Activity: Repeat the material exactly from its first line to the line that includes "2. Slacken bolt". Skip pictures.

Recorded information:
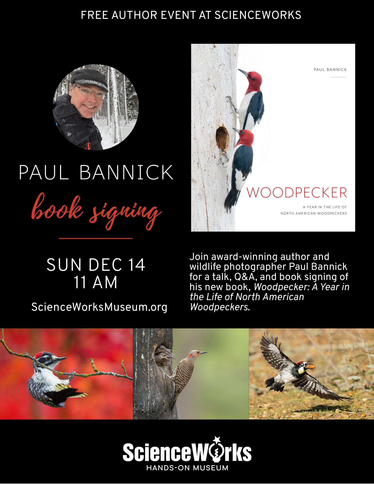 Author Paul Bannick explores the often secret lives of woodpeckers from Alaska’s boreal forests to the oak woodlands of the West and Midwest and from the ribbon of Ponderosa Pine
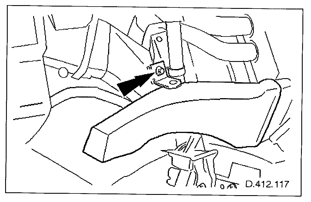 2. Slacken bolt ('A' post side), remove remaining bolt.
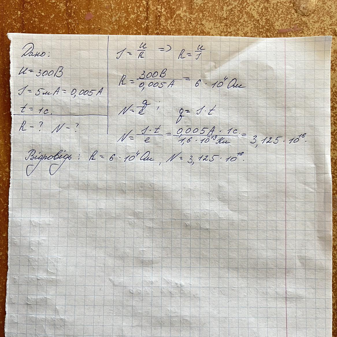 СРОЧНО!!! Який опір має вольтметр, розрахований на 300 В, якщо при цій напрузі через нього проходить струм 5 мА? Визначити скільки електронів проходить через нього за 1 с.
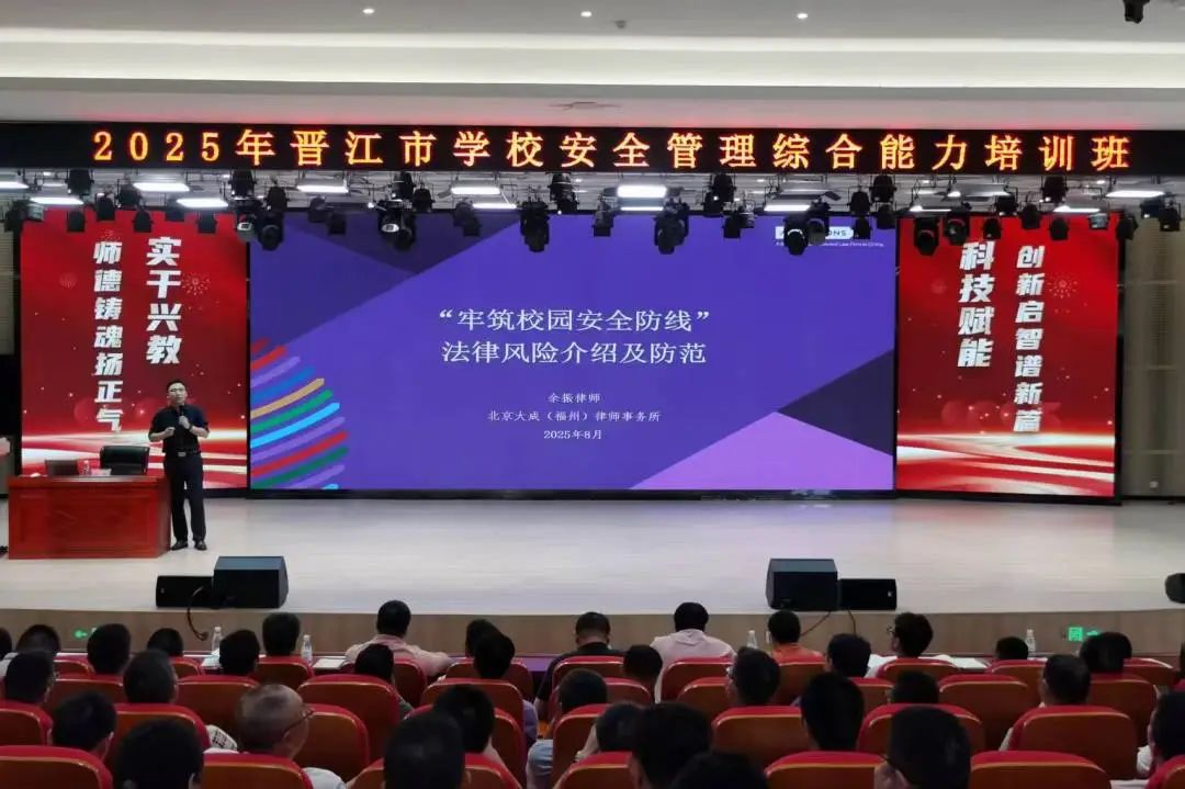 2025年8月26日,由晉江市教育局主辦、北京聯(lián)合保險經(jīng)紀(jì)福建省分公司承辦的“2025年晉江市學(xué)校安全管理綜合能力培訓(xùn)班”順利開班。北京大成(福州)律師事務(wù)所合伙人余振律師受邀以 “校園安全事故預(yù)防及處理法律事務(wù)” 為主題開展專題分享。本次活動共有六百余名來自晉江各學(xué)校分管安全的領(lǐng)導(dǎo)參加。

Expected answer:
 Author Paul Bannick explores the often secret lives of woodpeckers from Alaska’s boreal forests to the oak woodlands of the West and Midwest and from the ribbon of Ponderosa Pine
 2. Slacken bolt ('A' post side), remove remaining bolt.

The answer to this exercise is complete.